Clare Curzon turns aside temporarily from Inspector Mike Yeadings and crime in today's Thames Valley to bring us to Edwardian England. In this tale of bygone evil and present-day deceit, Curzon demonstrates that she is as adept as delivering a page-turner in a different time period as she is in spinning a tale of crime in present-day Wales.
This is a story about two titled women, Lady Isabelle Delmayne and Eugenie, Countess Crowthrowne, who share a dark past. Implicated in two vicious murders seven years earlier, they both have histories of naked ambition, duplicity, moral blackmail and betrayal. Inescapably locked together in their knowledge of one another's secrets, they struggle desperately for the upper hand, each aware that a betrayal of the other's past could bring them her down along with her enemy.
The tension climaxes when a summer storm breaks the terrible heatwave of 1908 and the body of a foreigner, bludgeoned to death, is found in the river near the home they unfortunately share. The discovery and the ensuing police inquiry opens the floodgates of their joint and separate pasts, with all its dangerous ghosts and new evidence of a similar death that took place when they were together on a tour of Europe.
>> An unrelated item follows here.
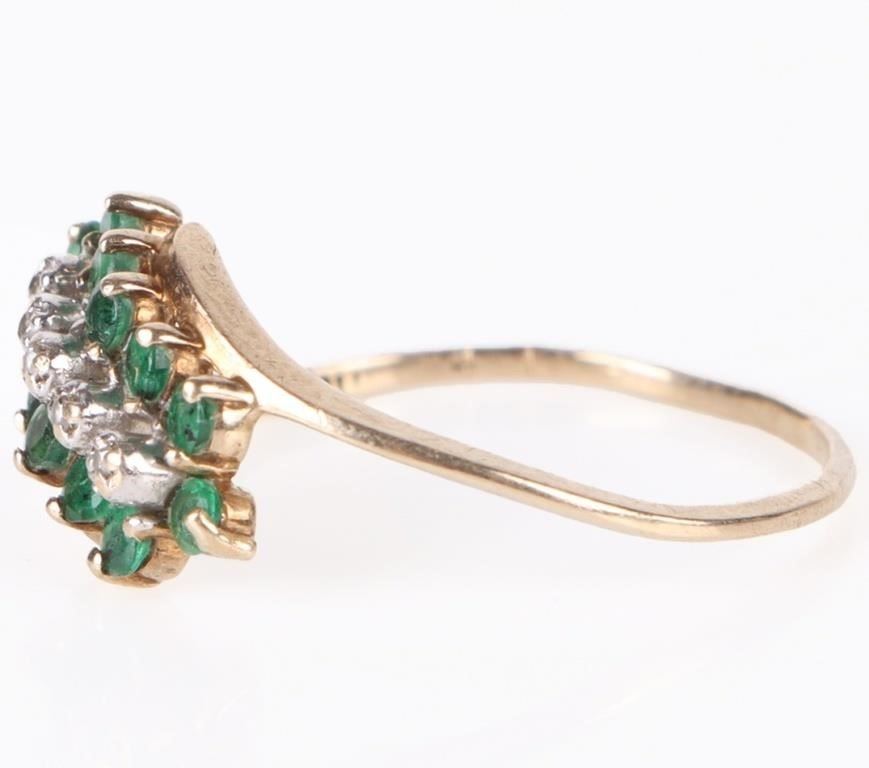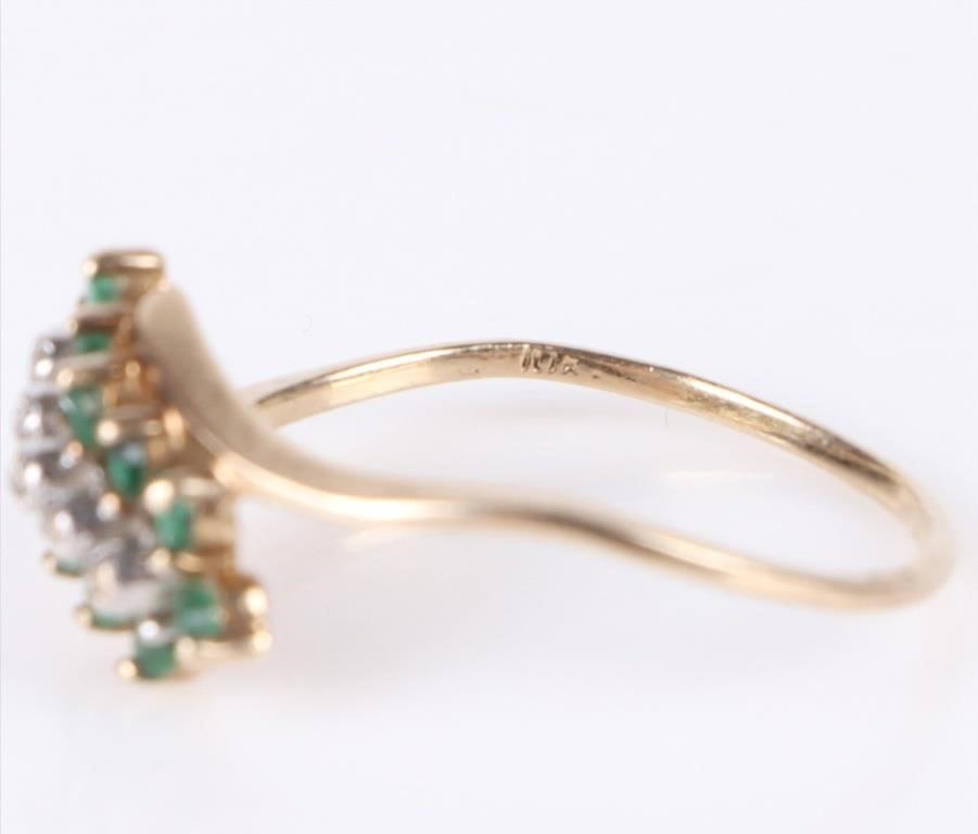 10K yellow gold emerald diamond ladies ring. Gemstones to incude twelve 0.03ct round cut emeralds, and five 0.005ct round cut diamonds.

In the face of these shocking revelations, police and family members contend over whether the women can be held accountable at this date, or whether, as the family wishes, the whole sorry picture can be conveniently swept under the carpet. It is in this infighting, as well as the crimes that come to light, that Curzon holds the reader's attention until the very last page.
Eileen-Marie Duell Buchanan (1922-2010) was a British author who specialized in writing literature belonging to the mystery, suspense, or detective genre. She wrote under a number of pseudonyms, including Marie Buchanan, Marie Duell, Clare Curzon and Rhona Petrie. She studied French and psychology at King's College in London.
GUILTY KNOWLEDGE (Hist. Mystery-Europe-Edwardian) – G+ Curzon, Clare – Standalone Thomas Dunne Books, 2000, US Hardcover – ISBN: 031226`691 First Sentence: We had planned a quiet evening, a small family gathering for dinner after a day of lazing in punts with lunch al fresco in the shade of old willows. *** The relationship between Eugenie, Viscountess Crowthorne, and her sister-in-law, Lady Isabelle Delmayne began seven years ago when Isabelle employed Eugenie as her companion. Eugenie believes this a trip to help Isabelle, a widow at 20. Instead, it becomes an exercise in duplicity, emotional blackmail and murder inexorably binding the two women together. *** It is difficult to read this book with a 21st Century sensibility. Once I let go of that, it became a fascinating story. The author really gives a sense of the social structure and limitations of woman for whom social position is everything. Curzon is so good I found myself become incredibly annoyed with Eugenie, but appreciating how the character of Isabelle is so clever and diabolical I understood why things happened as they did. This was a very interesting, psychological, period suspense.
I enjoy Curzon's Thames Valley police procedurals, but I couldn't read past the first few chapters of this book. It was much too melodramatic for my tastes.